Sebagaimana diketahui, B50 merupakan bahan bakar campuran antara bahan bakar nabati (BBN) sebesar 50 persen dan bahan bakar minyak (BBM) jenis solar sebanyak 50 persen.
Presiden Prabowo Subianto, mengatakan dengan pelaksanaan program mandatori B50, Indonesia tidak lagi membeli atau mengimpor solar dari luar negeri.
“Mulai 1 Juli 2026 kita tidak lagi mengimpor solar dari luar negeri dan kita berhasil menghemat devisa Rp 170 triliun sekitar USD 9,5 miliar tidak lagi harus kita kirim keluar negeri,” ujar Prabowo dalam sidang tahunan DPR/MPR RI, Jakarta, Kamis (14/8).
Baca Juga: Tata Kelola Ekspor Satu Pintu, Ketua MPR Sebut PT DSI Jalankan Amanat Pasal 33 UUD 1945
Prabowo mengatakan, kebijakan mandatori B50 menjadi bagian dari upaya pemerintah mewujudkan janji swasembada energi.
“Janji swasembada energi sekarang kita sudah mulai wujudkan dengan pertama kali swasembada BBM jenis solar kita berhasil produksi diesel dengan B50 dari kelapa sawit,” ujarnya.
Sebelumnya, Prabowo mengatakan Indonesia menjadi negara pertama yang menerapkan Mandatori B50. Menurut dia, kebijakan tersebut bukan sekadar pencapaian teknologi, melainkan bukti kemampuan Indonesia memanfaatkan kekayaan alam untuk kepentingan rakyat.
"Ini bukti Indonesia mampu memanfaatkan kekayaan alamnya sendiri untuk mementingkan rakyatnya sendiri. Ini tonggak penting untuk kemandirian bangsa sendiri," ucapnya.

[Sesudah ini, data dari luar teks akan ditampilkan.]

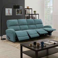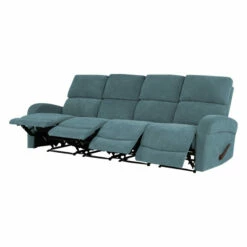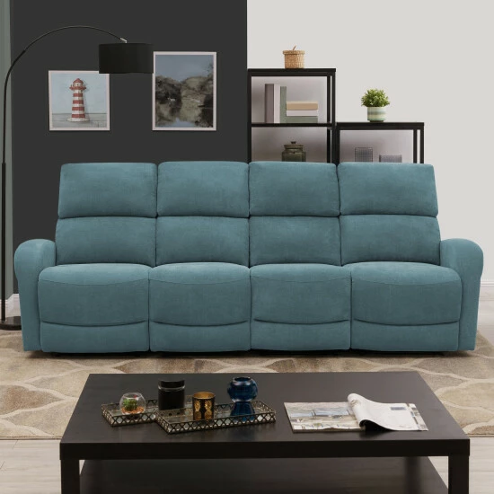 Update your home with this comfortable Copper Grove modular sofa that is covered in a medium blue chenille fabric. The four piece sofa recliner includes a left and right reclining arm seat and two armless center reclining seats that secure together through a button and slot connection on the frames so they will not slip apart. The recliner sofa features easy to open and reach handles for reclining on each end and parachute cords to recline the middle seats. This comfortable sofa is perfect for long-term sitting, TV viewing and relaxed reclining in theater, media and living rooms.

Ia menambahkan, pemerintah sejak lama terus mendorong terwujudnya kemandirian energi. Menurut dia, implementasi B40 sebelumnya belum cukup sehingga pemerintah meningkatkan bauran biodiesel menjadi B50.
"B40 tidak cukup, bahkan saat itu saya dorong B100. Tapi menteri-menteri saya meyakinkan bahwa B50 saja, kita tidak impor solar dari luar negeri," ungkapnya.